I didn’t like the look in his eyes. “I don’t like the look in your eyes.”

He grinned, and there, under the branch and bramble, in the wet and green, he looked wild as honey, free as a wing.

“You’ll want to step back, maybe,” he said.

“How far? Antarctica?”

He laughed. “Have a little faith in me, Ricks.”

“You’re gonna use magic, aren’t you?”

“Might as well.”

“If someone sees you...”

“I will be subtle as a whisper,” he said. “Trust me.”

I shook my head, but got moving. An electric charge gathered around him, magic building like the far-off hum of a summer thunderstorm, the taste of it a zing of tart berry crushed between tongue and cheek.

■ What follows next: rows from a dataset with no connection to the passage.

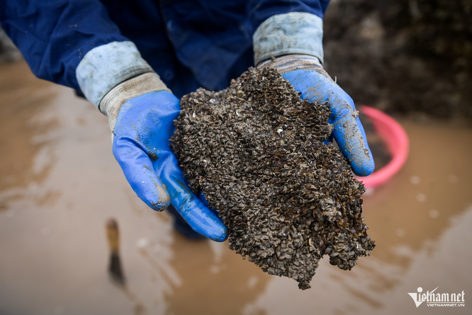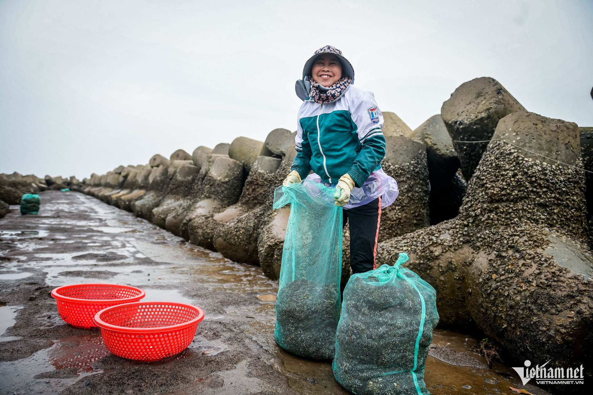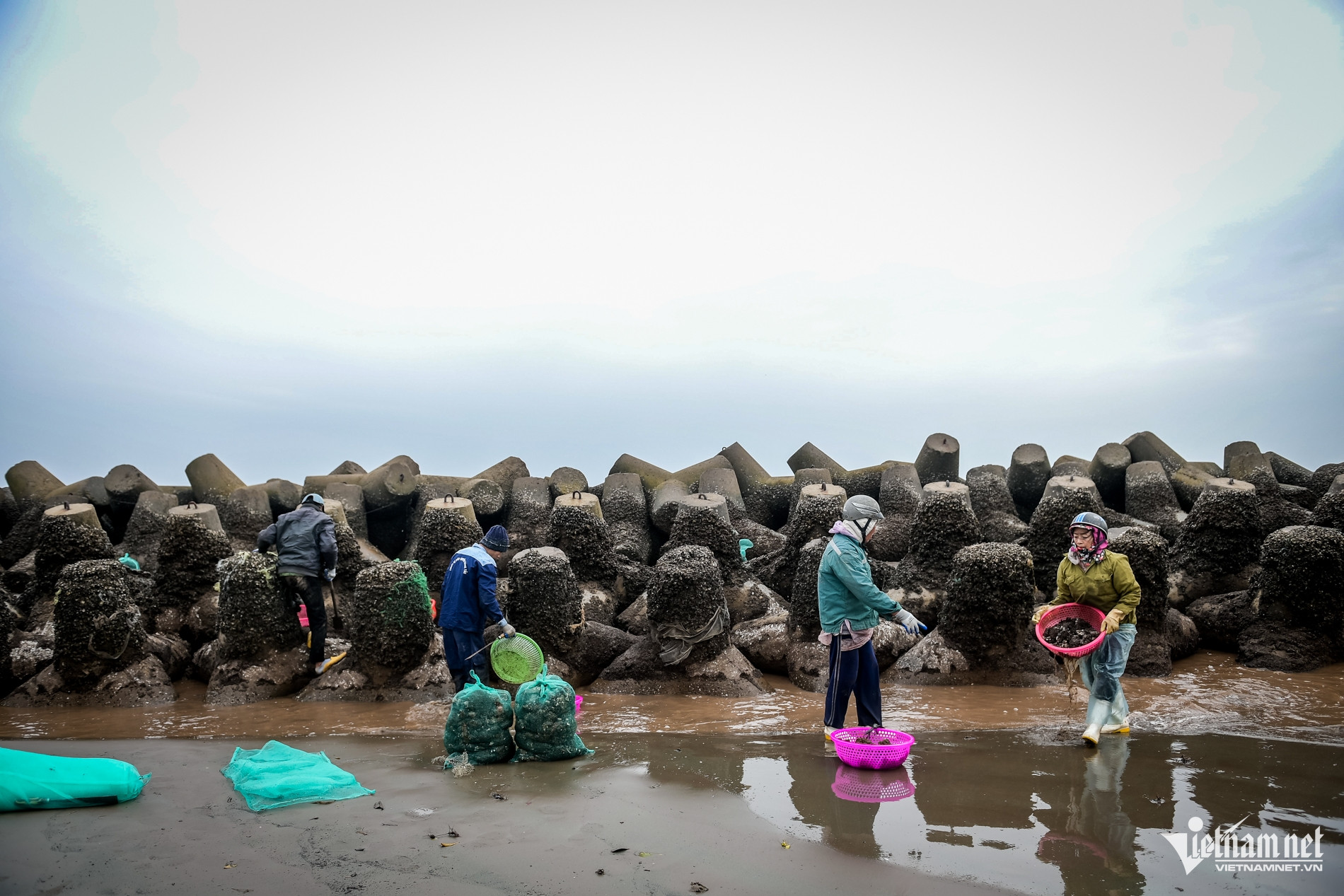 Trên bãi triều mênh mông, gió biển thổi buốt mặt, nước biển mùa đông lạnh ngắt khiến mũi ai nấy đều đỏ hoe, đôi chân tê dại. Để tránh gió lạnh, nhiều người khoác thêm áo mưa mỏng, quấn vội chiếc khăn cũ, cúi gập người, tay thoăn thoắt cạy từng mảng vẹm bám chặt trên các khối bê tông.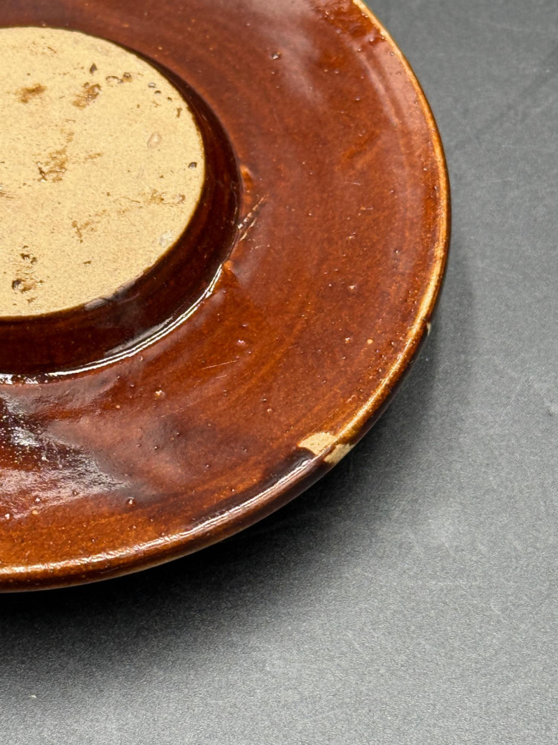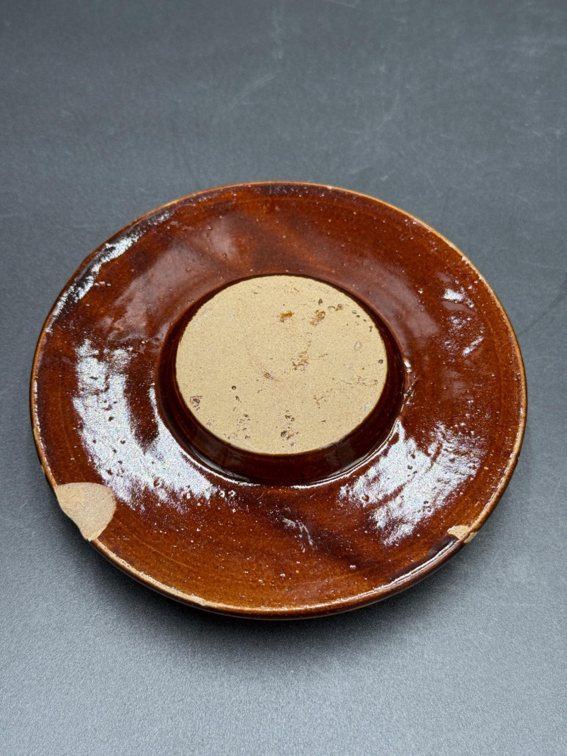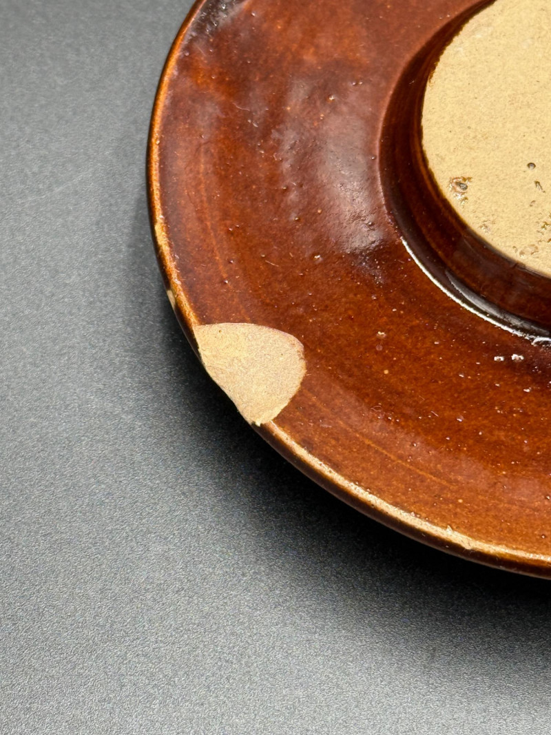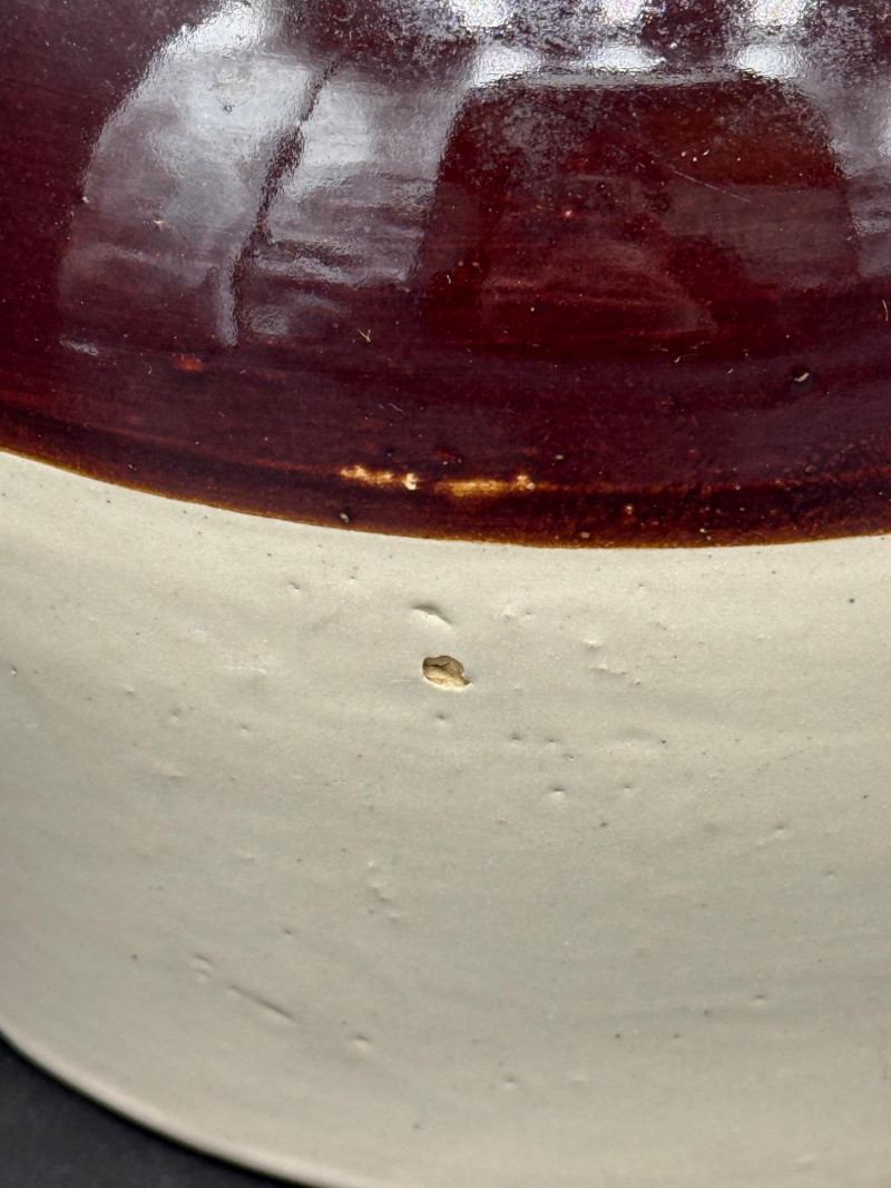 Two-tone bean pot-style container with lid and side handles. The upper half is dark brown and glossy, and the lower half is matte light beige. The lid has a central cork insert. The interior is coated in the same dark brown finish. The base is unglazed with kiln marks. Noted defects include a chip on the lid and a small flaw on the side.
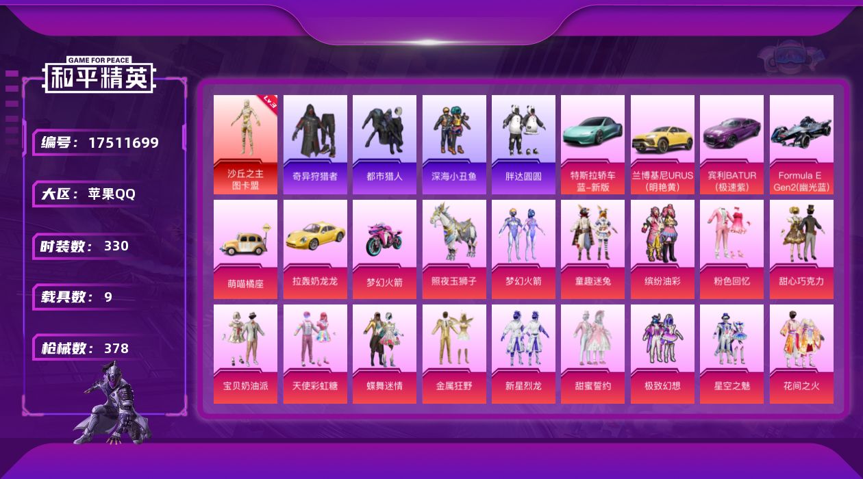 【粉色载具】:特斯拉Roadster(水滴蓝),兰博基尼URUS(明艳黄),宾利BATUR(极速紫),Formula E Gen2(幽光蓝),萌喵橘座,拉轰奶龙龙,双人摩托-梦幻火箭,空客H135-蔚蓝之翼,照夜玉狮子【粉色枪皮】:M416-五爪金龙,M416-风花雪月,GROZA-旋转彩虹,AUG-星之彼岸,P90-沙丘之主,Kar98K-巳巳如意,Mk14-福马献瑞,DP-28-豹影疾电,MG3-洛神天依【粉色飞行器】:炫彩糖果飞行器,梦幻火箭飞行器,夏日绵绵冰飞行器,绮梦青鸾飞行器,星之彼岸飞行器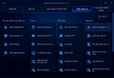 iObit, Diệt virus, Advanced SystemCare, Tối ưu máy tính, Sửa lỗi win, cây bản quyến, rọn dẹp rác,
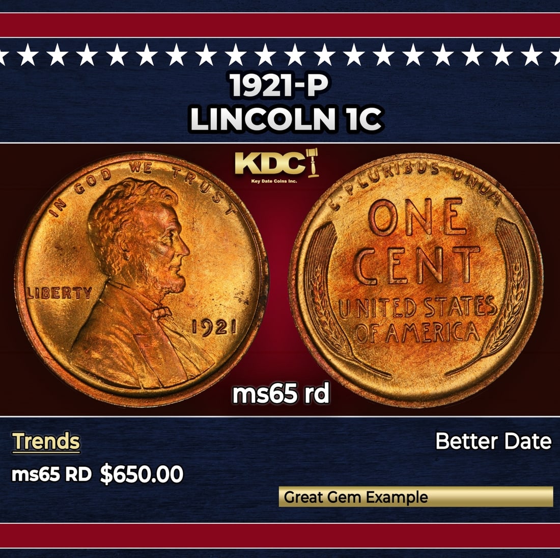 1921-p Lincoln Cent 1c Grades GEM Unc RD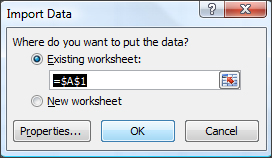Next, select your existing worksheet and press OK to import your data.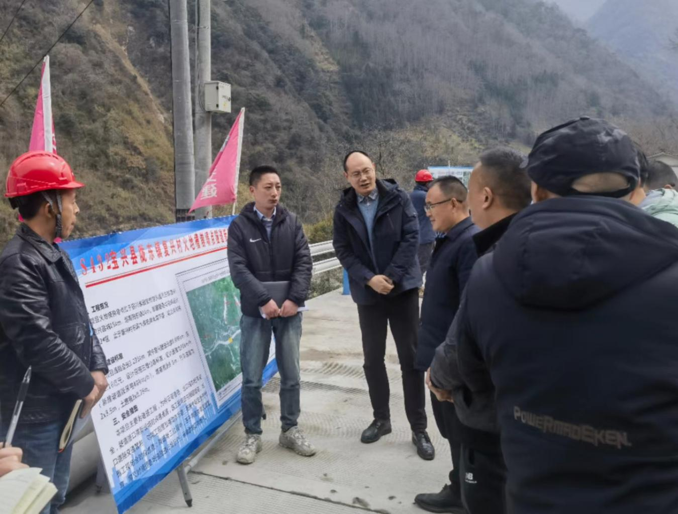 3月8日,市政府副市長鄭胡勇帶隊督查2022年“6.1”地震災后重建火地槽崩塌點復興隧道項目森林防火安全生產工作,寶興縣委有關領導,雅安交建集團路橋公司主要負責同志等陪同檢查。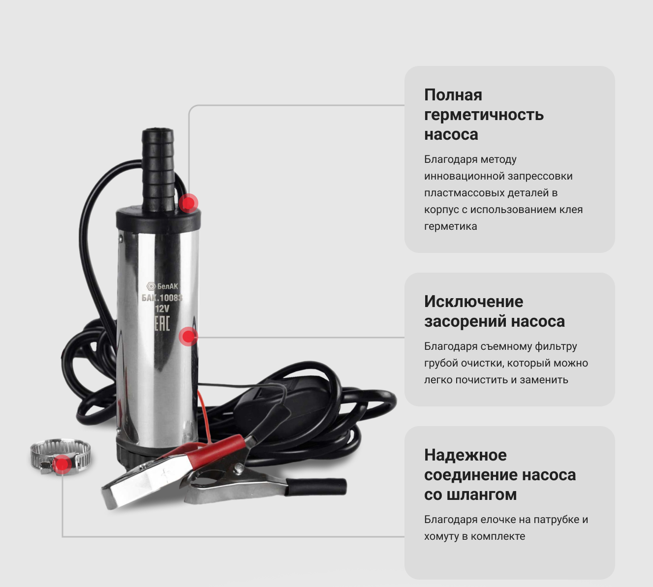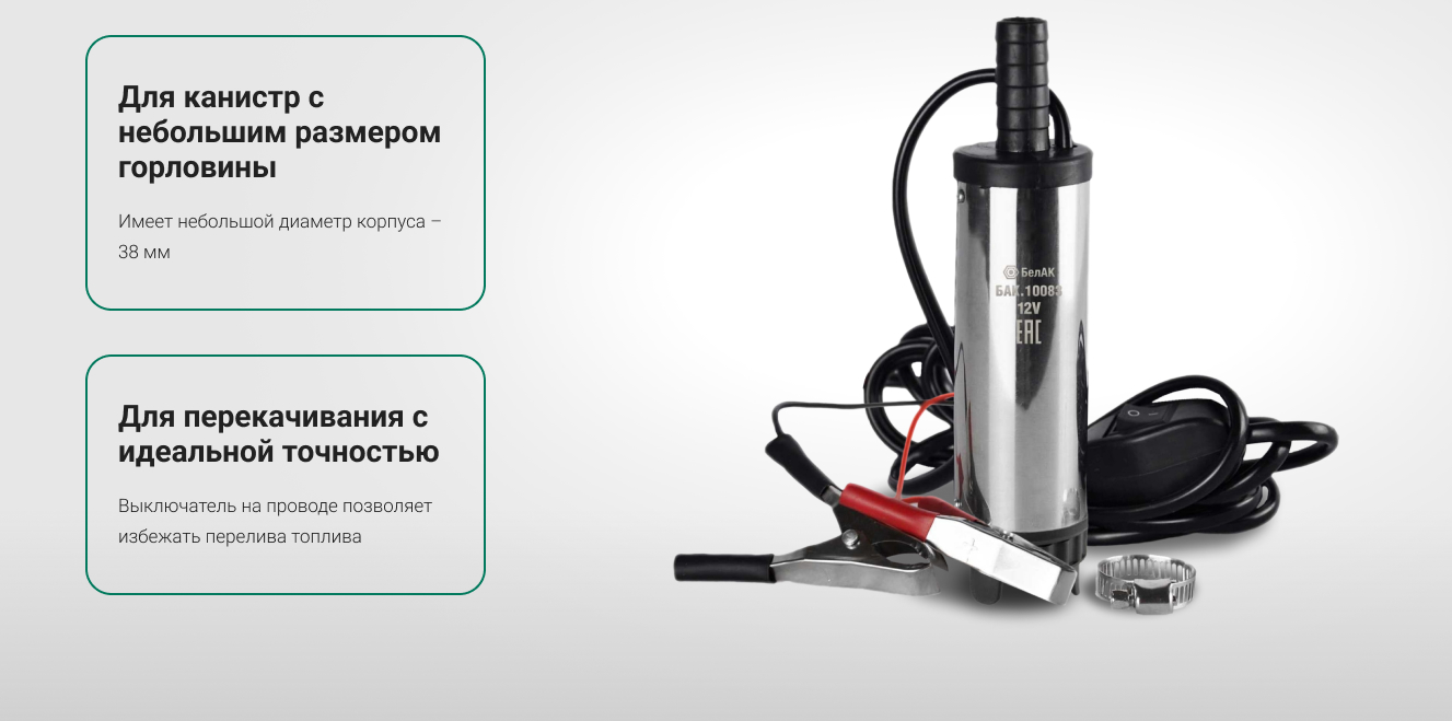 Все модели погружных насосов перекачки топлива бренда «БелАК» имеют фильтр очистки топлива. Насос для ГСМ оснащен специальной «елочкой» на патрубке, в комплекте хомуты для шланга, что гарантируют надежное крепление шланга к насосу. Наличие на нижней части насоса специальных ножек исключают присасывание ко дну емкости во время перекачки топлива.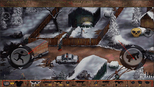 3、右边控制人物移动,左边控制射击,下方是你的武器栏,
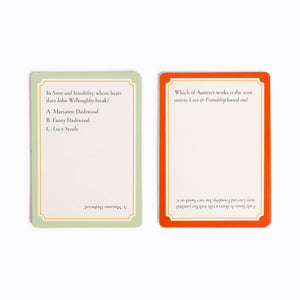 Test your knowledge of Jane Austen and her classic novels with the 400 questions in the Jane Austen Trivia card game and make it a truth universally acknowledged that you are the ultimate fan, featuring an instructional booklet outlining different ways to play.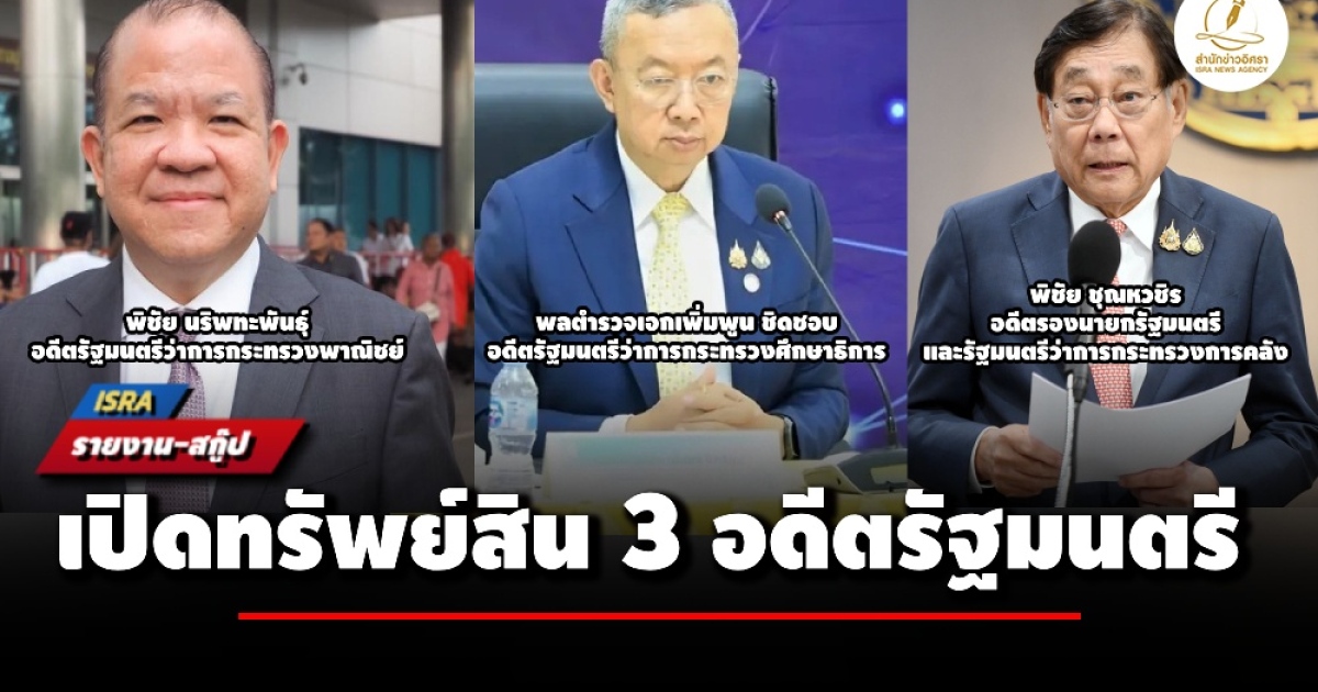 ป.ป.ช. เปิดทรัพย์สิน 3 อดีตรัฐมนตรี 'พิชัย ชุณหวชิร' รองนายกฯ-รมว.คลัง ทรัพย์สิน 247 ล.-'พิชัย นริพทะพันธุ์' รมว.พาณิชย์ ทรัพย์สิน 505 ล.-'พลตำรวจเอกเพิ่มพูน ชิดชอบ' รมว.ศึกษาฯ ทรัพย์สิน 78 ล.

When Card drew upon his magic, he was dazzling. Alive. A part of something wondrous, but not the least bit dimmed by its magnificence.

I knew, right then and there, that no matter how much I tried to convince myself to be logical about him, my heart yearned.

My heart loved that wild, chaotic man.

And I had no idea what to do about that.

I walked with one eye on him, the other on keeping me from tripping over the stones, grasses, and wood cluttering the soggy ground, until I was standing next to the swamp siren again.

“He doesn’t need your axe?” she asked.

“Oh, I wouldn’t trust him with it.”

Lilt Keyva turned her attention to him, a man without a sharp blade of any kind in his hands, then back to me.

“Is he going to ask the tree to chop itself down?”

I thought about it. That might be exactly what he was planning. Despite what Lilt Keyva had accused him of, he was still heart-rooted to his tree. It gave him power, it gave him persuasion over the green and growing. Maybe he was going to ask the tree to bend, to grow more to one side.

The fact that he was also half wizard would help get the message through to the old tree too.

“He’s not doing anything,” she said.

“Give him a minute. That man doesn’t know how to hold still.”

But he was holding still. He had settled down on one of the roots crooked like a knuckle out of the muck.

His back was pressed to the trunk now, his hands resting on his thighs. I didn’t know how a man with that many muscles, and thighs that big could sit in an easy tailor position, but he had folded down like it was natural.

And for him, when it came to reaching out and connecting with the green, with an old tree, it was.

A beam of sunlight twisted between twig and moss to brighten the side of his hair and cheekbone, making him glow.

He lifted one hand and called on magic.

Magic came to him softly, like a breeze, like spring, like the dewy brush of dawn.